= Exercise prompt =
In the records below, repeat word for word only the lines starting at the one that contains "Детское худи для" and ending at the one that contains "Brown, Gray 2", pictures excluded.

---------- Exercise data ----------

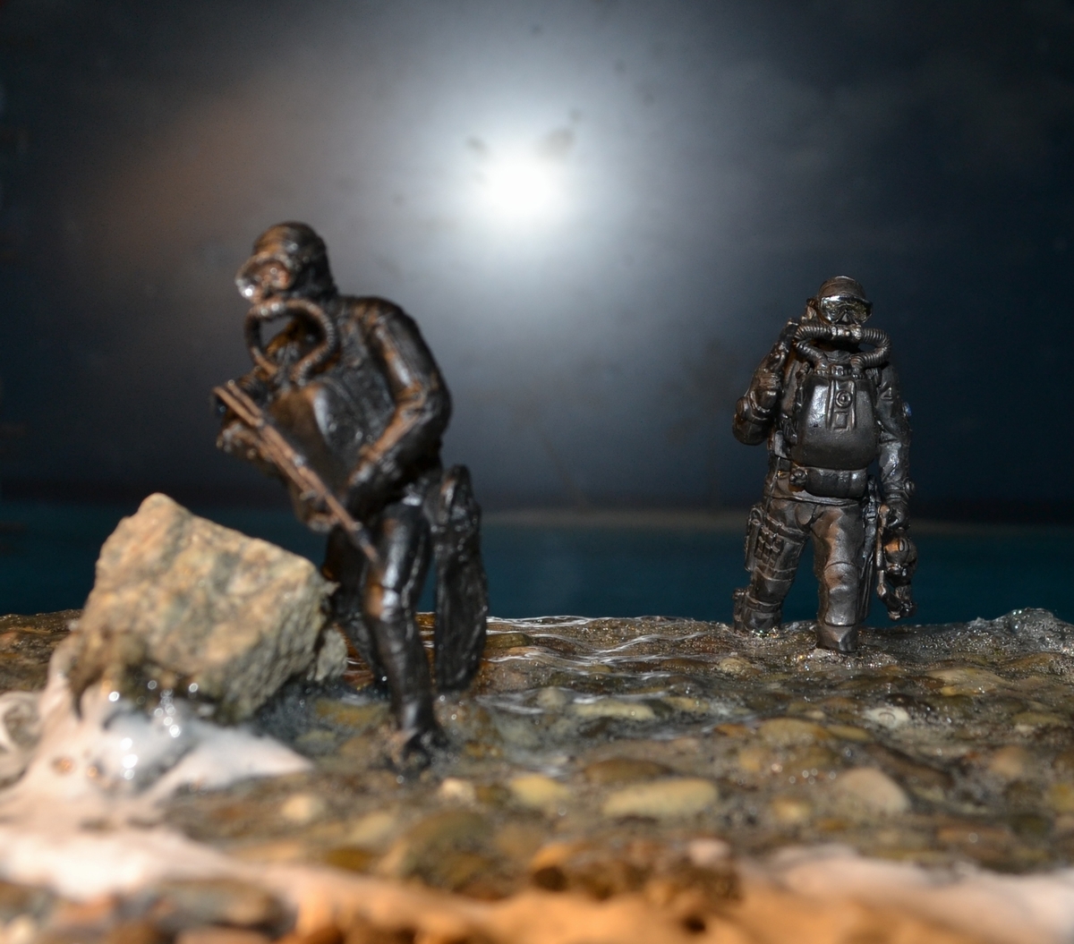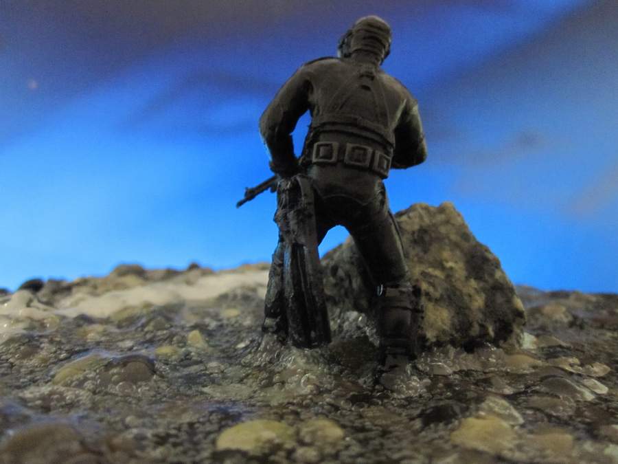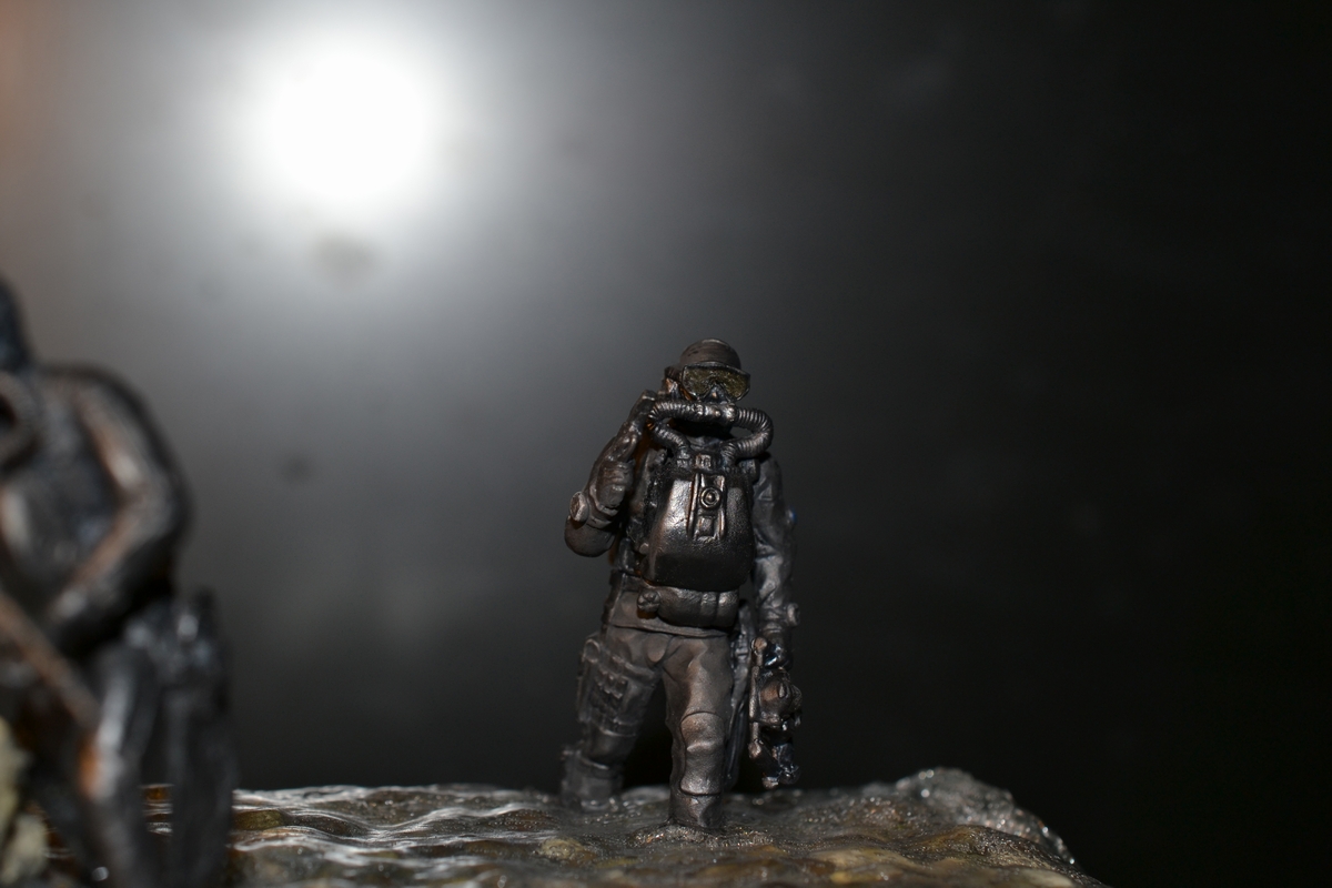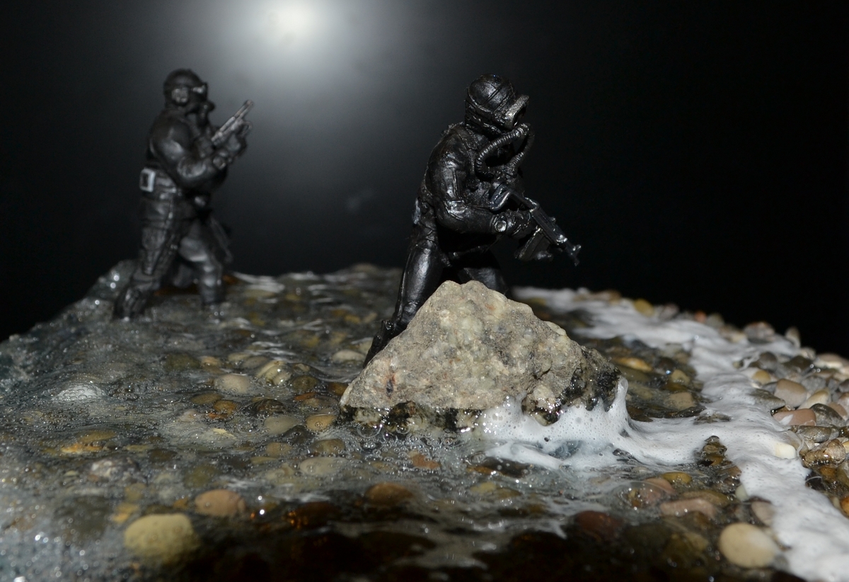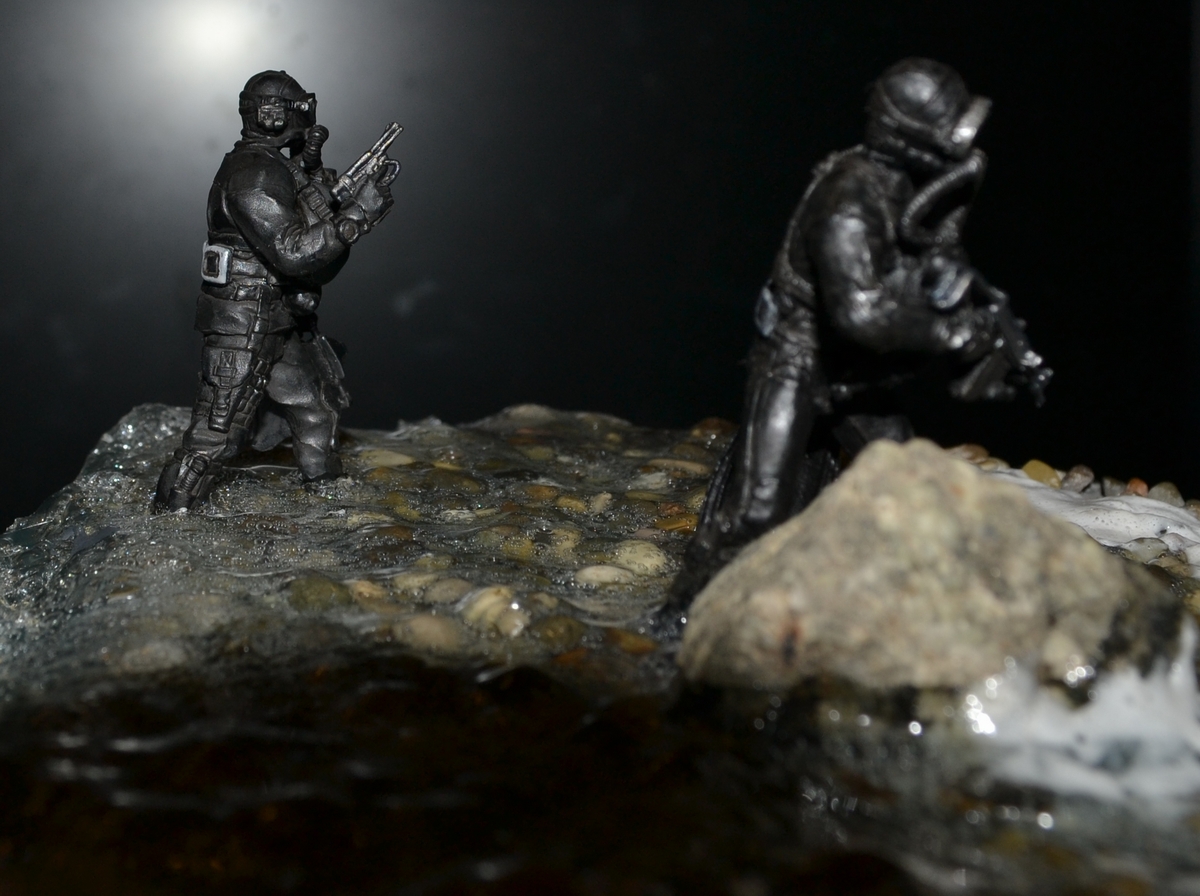 синей тамия. Сам боевой пловец покрашен чёрной матовой из балончика, дал эффект мокрого костюма, грузила и ремни - серая и чёрная матовая тамия. Стекло маски клей титан.
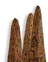 glas, staal en hout en kunstboeken, die hij voorziet van gedichten. Zijn werk
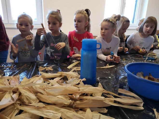 Mališani su izrađivali nakit od prirodnih materijala, kojim će biti okićen dječji bor u župnoj crkvi
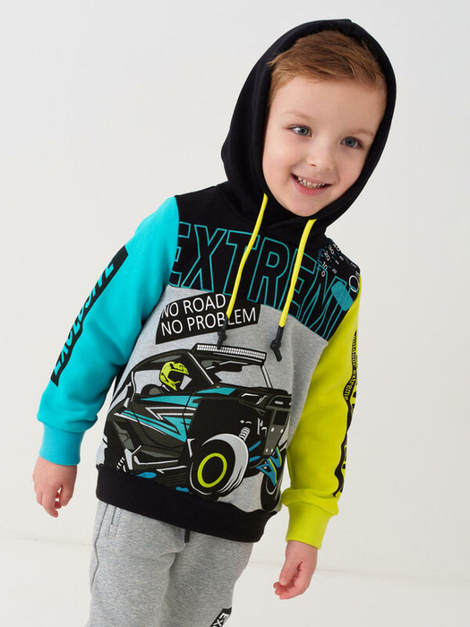 Детское худи для мальчика. Модель прямого кроя. Выполнено из хлопкового футера без начеса. На груди и рукавах — крупный красочный принт, вдохновлённый мотоспортом. Капюшон регулируется шнурком. Манжеты и низ изделия выполнены из эластичного риба, что обеспечивает комфортную посадку.
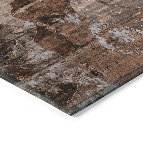 Brown, Gray 2 ft. x 8 ft. Woven Abstract Polyester Runner Indoor / Outdoor Area Rug
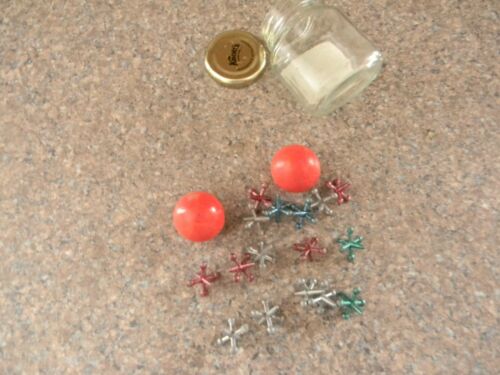 Title (ebay affiliate link): Vintage Antique Jacks Game With 17 Colored Metal Jacks And 2 Balls. Rare Find
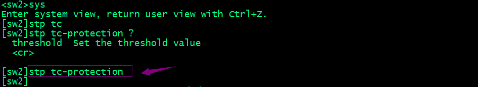 提示:所谓TC保护是指我们配置交换机在单位时间内处理单位数量的TC报文,如果超出配置单位时间处理的tc报文个数,对应交换机就处理TC报文;
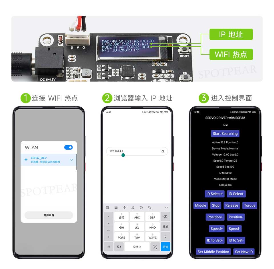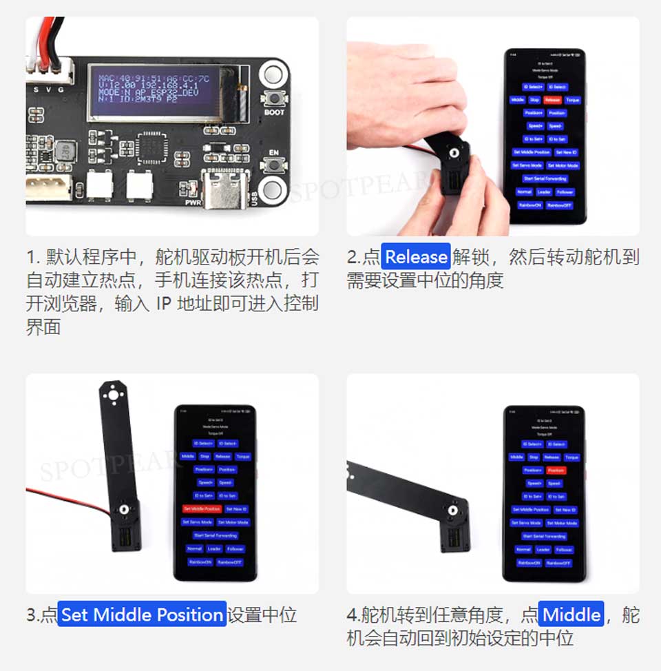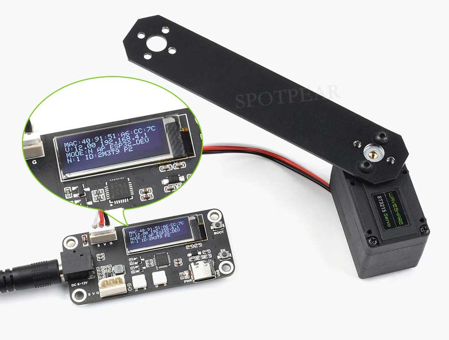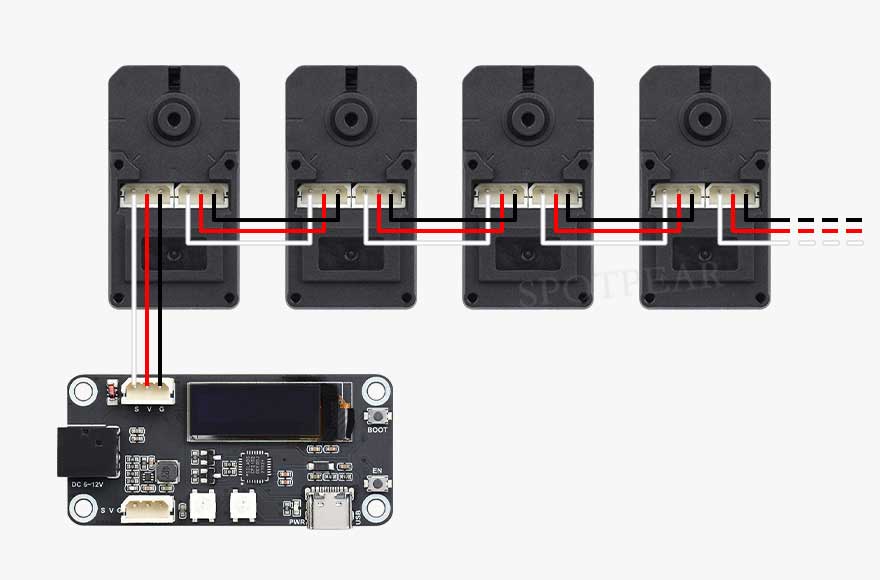 一路 UART 可以控制 253 个总线舵机,但是由于舵机功率较大,当使用过多舵机时需要考虑供电方案能否满足要求。本产品不含图中的 舵机主控板,如有需要,请另行购买

----------

= Written solution =
 Детское худи для мальчика. Модель прямого кроя. Выполнено из хлопкового футера без начеса. На груди и рукавах — крупный красочный принт, вдохновлённый мотоспортом. Капюшон регулируется шнурком. Манжеты и низ изделия выполнены из эластичного риба, что обеспечивает комфортную посадку.
 Brown, Gray 2 ft. x 8 ft. Woven Abstract Polyester Runner Indoor / Outdoor Area Rug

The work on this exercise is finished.